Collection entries
▼
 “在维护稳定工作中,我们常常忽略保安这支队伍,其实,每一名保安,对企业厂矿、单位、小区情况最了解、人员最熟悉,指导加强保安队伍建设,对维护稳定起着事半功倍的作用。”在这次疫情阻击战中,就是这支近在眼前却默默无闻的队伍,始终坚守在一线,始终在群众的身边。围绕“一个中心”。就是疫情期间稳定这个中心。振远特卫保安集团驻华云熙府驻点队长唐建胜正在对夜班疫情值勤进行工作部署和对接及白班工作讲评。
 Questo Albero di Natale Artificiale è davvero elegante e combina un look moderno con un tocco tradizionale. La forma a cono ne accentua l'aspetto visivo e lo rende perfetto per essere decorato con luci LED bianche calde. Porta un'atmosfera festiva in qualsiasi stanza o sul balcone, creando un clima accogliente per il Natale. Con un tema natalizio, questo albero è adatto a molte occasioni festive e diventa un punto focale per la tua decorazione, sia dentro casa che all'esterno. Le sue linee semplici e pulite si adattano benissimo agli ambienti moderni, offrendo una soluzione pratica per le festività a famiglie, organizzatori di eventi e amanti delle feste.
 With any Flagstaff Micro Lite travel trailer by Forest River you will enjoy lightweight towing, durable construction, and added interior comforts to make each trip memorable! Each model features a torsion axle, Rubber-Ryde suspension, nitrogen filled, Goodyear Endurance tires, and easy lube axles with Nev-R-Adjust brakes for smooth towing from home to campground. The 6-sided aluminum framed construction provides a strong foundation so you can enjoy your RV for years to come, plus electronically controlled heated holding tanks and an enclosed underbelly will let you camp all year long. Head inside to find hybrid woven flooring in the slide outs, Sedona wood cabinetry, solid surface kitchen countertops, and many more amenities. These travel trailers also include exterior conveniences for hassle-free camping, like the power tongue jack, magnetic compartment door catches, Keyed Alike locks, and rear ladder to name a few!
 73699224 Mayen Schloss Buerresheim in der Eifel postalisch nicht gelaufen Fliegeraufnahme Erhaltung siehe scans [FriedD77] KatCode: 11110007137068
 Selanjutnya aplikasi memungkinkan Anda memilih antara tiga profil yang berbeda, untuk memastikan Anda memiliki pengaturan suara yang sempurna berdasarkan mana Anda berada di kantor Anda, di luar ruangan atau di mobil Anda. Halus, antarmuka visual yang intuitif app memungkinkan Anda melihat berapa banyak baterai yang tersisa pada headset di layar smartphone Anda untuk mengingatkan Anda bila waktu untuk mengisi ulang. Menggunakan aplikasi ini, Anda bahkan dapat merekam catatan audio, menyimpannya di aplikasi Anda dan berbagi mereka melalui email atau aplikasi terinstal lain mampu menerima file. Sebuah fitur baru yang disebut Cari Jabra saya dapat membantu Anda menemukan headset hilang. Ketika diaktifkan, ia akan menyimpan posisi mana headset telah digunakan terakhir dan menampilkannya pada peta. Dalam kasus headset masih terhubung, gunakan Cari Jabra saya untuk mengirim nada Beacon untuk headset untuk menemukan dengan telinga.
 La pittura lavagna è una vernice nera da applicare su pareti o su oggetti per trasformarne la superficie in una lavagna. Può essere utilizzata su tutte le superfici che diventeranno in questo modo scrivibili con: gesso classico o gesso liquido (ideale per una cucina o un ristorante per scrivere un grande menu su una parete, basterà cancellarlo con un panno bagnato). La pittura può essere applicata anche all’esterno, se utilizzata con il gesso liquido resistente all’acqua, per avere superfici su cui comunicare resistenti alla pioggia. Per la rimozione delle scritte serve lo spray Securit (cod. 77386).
▲
TASK
All lines of the data above must be returned exactly.

WRITTEN ANSWER
 “在维护稳定工作中,我们常常忽略保安这支队伍,其实,每一名保安,对企业厂矿、单位、小区情况最了解、人员最熟悉,指导加强保安队伍建设,对维护稳定起着事半功倍的作用。”在这次疫情阻击战中,就是这支近在眼前却默默无闻的队伍,始终坚守在一线,始终在群众的身边。围绕“一个中心”。就是疫情期间稳定这个中心。振远特卫保安集团驻华云熙府驻点队长唐建胜正在对夜班疫情值勤进行工作部署和对接及白班工作讲评。
 Questo Albero di Natale Artificiale è davvero elegante e combina un look moderno con un tocco tradizionale. La forma a cono ne accentua l'aspetto visivo e lo rende perfetto per essere decorato con luci LED bianche calde. Porta un'atmosfera festiva in qualsiasi stanza o sul balcone, creando un clima accogliente per il Natale. Con un tema natalizio, questo albero è adatto a molte occasioni festive e diventa un punto focale per la tua decorazione, sia dentro casa che all'esterno. Le sue linee semplici e pulite si adattano benissimo agli ambienti moderni, offrendo una soluzione pratica per le festività a famiglie, organizzatori di eventi e amanti delle feste.
 With any Flagstaff Micro Lite travel trailer by Forest River you will enjoy lightweight towing, durable construction, and added interior comforts to make each trip memorable! Each model features a torsion axle, Rubber-Ryde suspension, nitrogen filled, Goodyear Endurance tires, and easy lube axles with Nev-R-Adjust brakes for smooth towing from home to campground. The 6-sided aluminum framed construction provides a strong foundation so you can enjoy your RV for years to come, plus electronically controlled heated holding tanks and an enclosed underbelly will let you camp all year long. Head inside to find hybrid woven flooring in the slide outs, Sedona wood cabinetry, solid surface kitchen countertops, and many more amenities. These travel trailers also include exterior conveniences for hassle-free camping, like the power tongue jack, magnetic compartment door catches, Keyed Alike locks, and rear ladder to name a few!
 73699224 Mayen Schloss Buerresheim in der Eifel postalisch nicht gelaufen Fliegeraufnahme Erhaltung siehe scans [FriedD77] KatCode: 11110007137068
 Selanjutnya aplikasi memungkinkan Anda memilih antara tiga profil yang berbeda, untuk memastikan Anda memiliki pengaturan suara yang sempurna berdasarkan mana Anda berada di kantor Anda, di luar ruangan atau di mobil Anda. Halus, antarmuka visual yang intuitif app memungkinkan Anda melihat berapa banyak baterai yang tersisa pada headset di layar smartphone Anda untuk mengingatkan Anda bila waktu untuk mengisi ulang. Menggunakan aplikasi ini, Anda bahkan dapat merekam catatan audio, menyimpannya di aplikasi Anda dan berbagi mereka melalui email atau aplikasi terinstal lain mampu menerima file. Sebuah fitur baru yang disebut Cari Jabra saya dapat membantu Anda menemukan headset hilang. Ketika diaktifkan, ia akan menyimpan posisi mana headset telah digunakan terakhir dan menampilkannya pada peta. Dalam kasus headset masih terhubung, gunakan Cari Jabra saya untuk mengirim nada Beacon untuk headset untuk menemukan dengan telinga.
 La pittura lavagna è una vernice nera da applicare su pareti o su oggetti per trasformarne la superficie in una lavagna. Può essere utilizzata su tutte le superfici che diventeranno in questo modo scrivibili con: gesso classico o gesso liquido (ideale per una cucina o un ristorante per scrivere un grande menu su una parete, basterà cancellarlo con un panno bagnato). La pittura può essere applicata anche all’esterno, se utilizzata con il gesso liquido resistente all’acqua, per avere superfici su cui comunicare resistenti alla pioggia. Per la rimozione delle scritte serve lo spray Securit (cod. 77386).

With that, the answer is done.